▶ [Try it]: In the records below, find the line that contains "No Hospital Regional, o" and the line that contains "Simulated inductor current"; write out exactly those two lines and everything between them, without the pictures.

▶ [Data provided]:
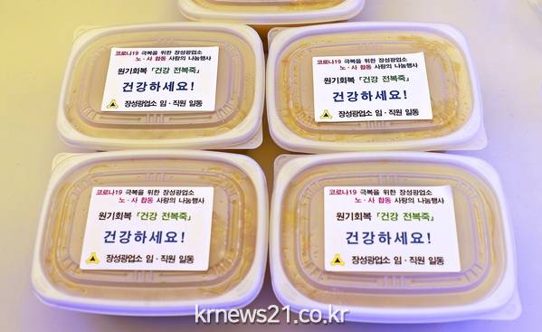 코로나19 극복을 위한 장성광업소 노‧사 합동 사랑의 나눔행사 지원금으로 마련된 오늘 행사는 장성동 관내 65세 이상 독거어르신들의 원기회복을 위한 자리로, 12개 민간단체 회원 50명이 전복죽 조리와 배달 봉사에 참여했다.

...

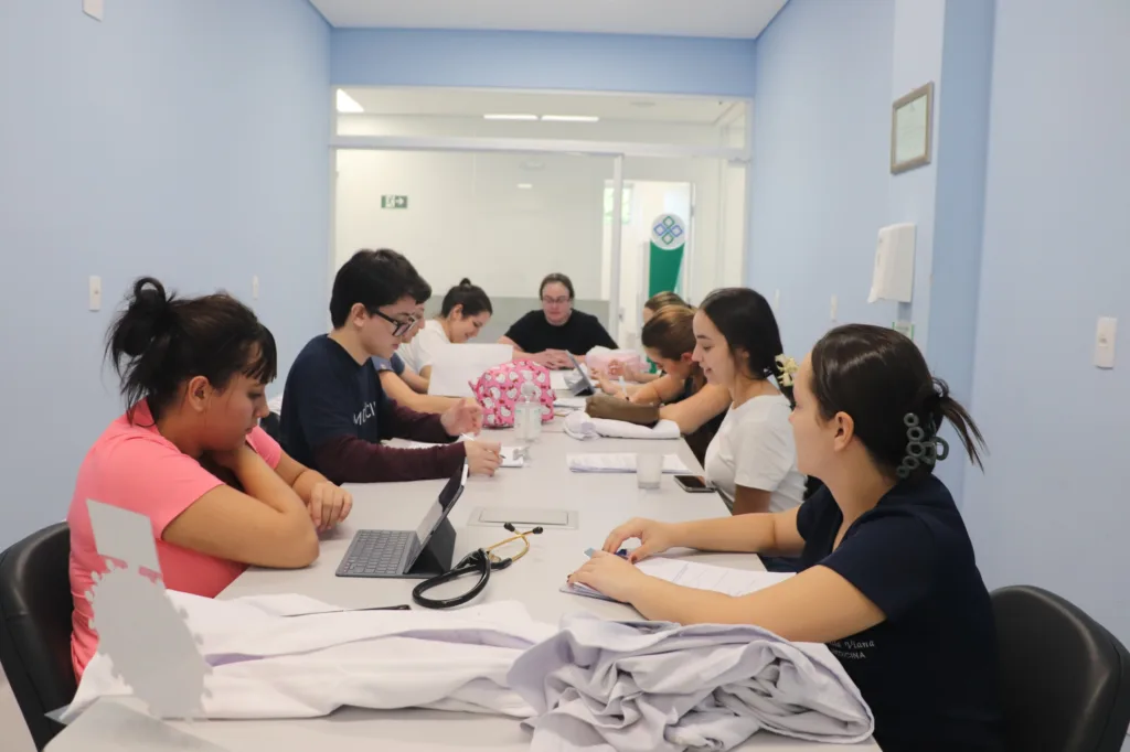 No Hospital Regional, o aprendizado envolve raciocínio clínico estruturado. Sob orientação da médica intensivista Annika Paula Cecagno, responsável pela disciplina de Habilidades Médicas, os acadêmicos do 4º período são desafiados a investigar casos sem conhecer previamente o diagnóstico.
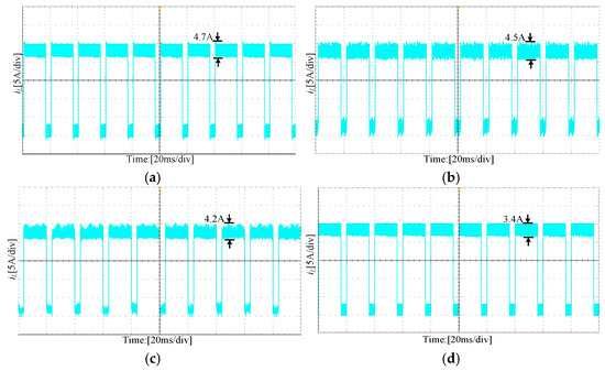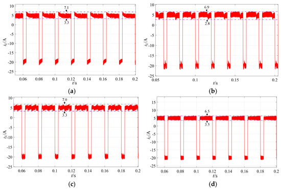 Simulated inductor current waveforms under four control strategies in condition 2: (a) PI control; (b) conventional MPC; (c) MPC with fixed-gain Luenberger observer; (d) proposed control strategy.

▶ [Written response]:
 No Hospital Regional, o aprendizado envolve raciocínio clínico estruturado. Sob orientação da médica intensivista Annika Paula Cecagno, responsável pela disciplina de Habilidades Médicas, os acadêmicos do 4º período são desafiados a investigar casos sem conhecer previamente o diagnóstico.
 Simulated inductor current waveforms under four control strategies in condition 2: (a) PI control; (b) conventional MPC; (c) MPC with fixed-gain Luenberger observer; (d) proposed control strategy.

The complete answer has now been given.